The key insight is that curiosity shouldn’t just chase prediction error. Agents should seek out experiences where being wrong actually leads to improvement, defined as learning progress. At scale, this becomes essential. You can’t hand-craft what thousands of agents should explore, and when many curious agents interact, the questions one agent pursues open up new territory for others, driving a kind of emergent collective discovery.

Given this new knowledge, I later came across the 2011 paper Bayes-optimal planning to be surprised, which tackled the question of how an agent should explore to learn as much as possible, as quickly as possible.
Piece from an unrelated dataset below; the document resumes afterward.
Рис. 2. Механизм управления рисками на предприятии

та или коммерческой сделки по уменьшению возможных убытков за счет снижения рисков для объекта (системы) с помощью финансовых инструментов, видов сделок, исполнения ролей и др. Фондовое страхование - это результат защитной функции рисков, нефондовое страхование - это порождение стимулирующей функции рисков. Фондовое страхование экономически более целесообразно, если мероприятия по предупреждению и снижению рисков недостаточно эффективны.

Their key idea was to treat curiosity as an optimization problem rather than a heuristic. In standard RL, a Q-value measures the expected cumulative reward of taking an action and following an optimal policy thereafter. They defined an analogous curiosity Q-value, but instead of reward, it tracks expected cumulative information gain, meaning how much each observation shifts the agent’s beliefs about the world. The agent then uses dynamic programming to maximize this value, so rather than greedily chasing whatever is novel right now, it plans ahead to find the sequence of experiences that will teach it the most over time.
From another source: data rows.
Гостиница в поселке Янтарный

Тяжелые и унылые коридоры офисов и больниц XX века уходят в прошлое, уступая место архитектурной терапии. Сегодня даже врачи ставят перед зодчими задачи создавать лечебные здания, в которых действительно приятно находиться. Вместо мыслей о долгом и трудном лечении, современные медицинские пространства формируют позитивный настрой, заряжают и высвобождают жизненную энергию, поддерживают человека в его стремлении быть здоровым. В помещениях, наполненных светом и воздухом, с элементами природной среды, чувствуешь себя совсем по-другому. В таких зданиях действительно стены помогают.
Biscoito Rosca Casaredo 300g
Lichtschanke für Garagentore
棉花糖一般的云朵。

This leads us to think about what we can use these ideas for in current AI problems. We decided to apply this framework to LLM-based test generation. When an LLM tries to test a codebase, it faces the same problem as a curious agent exploring an unknown environment. Greedy approaches plateau because they only target what looks useful right now, missing the setup steps that unlock deeper code paths later. In our paper Planning to Explore, we treat the program’s branch structure as the unknown environment and the coverage map as the agent’s evolving belief about what it has discovered so far. At each step, the LLM scores candidate test plans using a curiosity Q-value that balances immediate branch discovery with future reachability, providing better results than greedy solutions.

Apart from Work

Overall, this summarizes my research work in Saudi Arabia, where I got to discover a country I was not familiar with and an incredible group of researchers. The experience couldn’t have been better. I also got the time to explore other places, from the mountains to the bottom of the Red Sea. I even had the chance to visit the temples of the ancient Egyptian civilization in Luxor. Isn’t this about curiosity, after all?

Acknowledgements

I’d also like to take some time to appreciate everyone who made this visit possible: my advisor, the staff of the university, and those who participated in bringing me to Jeddah, like Yimeng, Piotr, and Firas, as well as those who collaborated on the paper. This has been a rewarding and defining experience in my PhD journey.